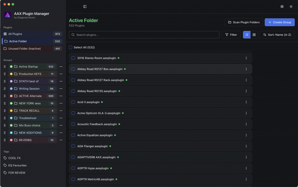 Scan your Folders – then add your plugins to Groups – easily move them to your Active Folder for session specific plugin setups. User Tags let you go even deeper into sorting your plugin collection.
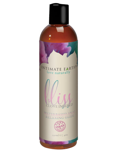 Bliss by Intimate Earth is an anal relaxing glide. It uses clove oil to relax the anal area, but it does not numb it. Bliss allows you to enjoy anal sex or play with its soothing and relaxing properties. This makes anal more enjoyable for penetration and helps increase blood flow to arousal. The texture of this water based lubricant is thicker than average water based lubes. It is condom safe and toy friendly. This lubricant is 100% Vegan.
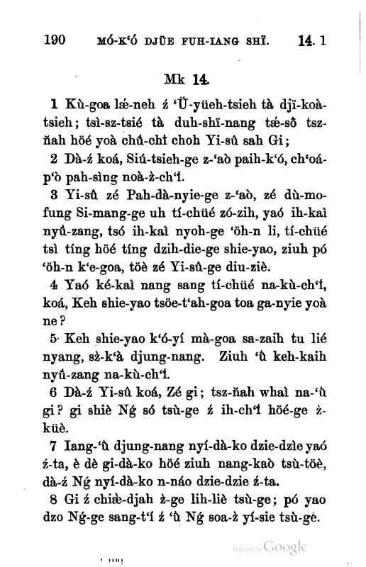 1894年救主耶穌基督新約聖書 馬可福音 14 章 1 節到 14 章 8 節
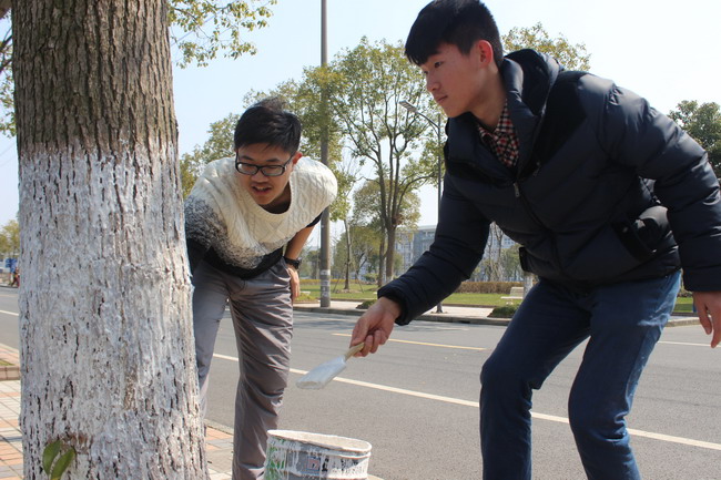 因冬夏季树木在室外将会遭遇虫害及受冻而导致树木生命力缩短导致提前枯萎,学生们决定为我院的树木涂上石灰,使所有的树木能在冬夏季避免冻害及虫害。活动期间,老师和同学们表现出极大的热情。一到粉刷地点就放下石灰桶,因对刷树步骤不熟悉,最初均出现了一些“漏刷”“多刷”的情况,经过后勤老师的讲解,并配合自身理解,逐渐的可以熟练地进行刷树活动。大家情绪高涨,又一丝不苟,透着一股认真的“专业”劲儿,时不时互相交流作业的经验和技巧。经过近一小时热火朝天的劳动,校园道路焕然一新,周围的树木已都穿上了自己的“新衣”。

+ + +

Aim of the task.
Leaving the pictures aside, transcribe only the lines from the one containing "Bliss by Intimate" to the final line of the listing above, inclusive, exactly as they appear.

Written solution.
 Bliss by Intimate Earth is an anal relaxing glide. It uses clove oil to relax the anal area, but it does not numb it. Bliss allows you to enjoy anal sex or play with its soothing and relaxing properties. This makes anal more enjoyable for penetration and helps increase blood flow to arousal. The texture of this water based lubricant is thicker than average water based lubes. It is condom safe and toy friendly. This lubricant is 100% Vegan.
 1894年救主耶穌基督新約聖書 馬可福音 14 章 1 節到 14 章 8 節
 因冬夏季树木在室外将会遭遇虫害及受冻而导致树木生命力缩短导致提前枯萎,学生们决定为我院的树木涂上石灰,使所有的树木能在冬夏季避免冻害及虫害。活动期间,老师和同学们表现出极大的热情。一到粉刷地点就放下石灰桶,因对刷树步骤不熟悉,最初均出现了一些“漏刷”“多刷”的情况,经过后勤老师的讲解,并配合自身理解,逐渐的可以熟练地进行刷树活动。大家情绪高涨,又一丝不苟,透着一股认真的“专业”劲儿,时不时互相交流作业的经验和技巧。经过近一小时热火朝天的劳动,校园道路焕然一新,周围的树木已都穿上了自己的“新衣”。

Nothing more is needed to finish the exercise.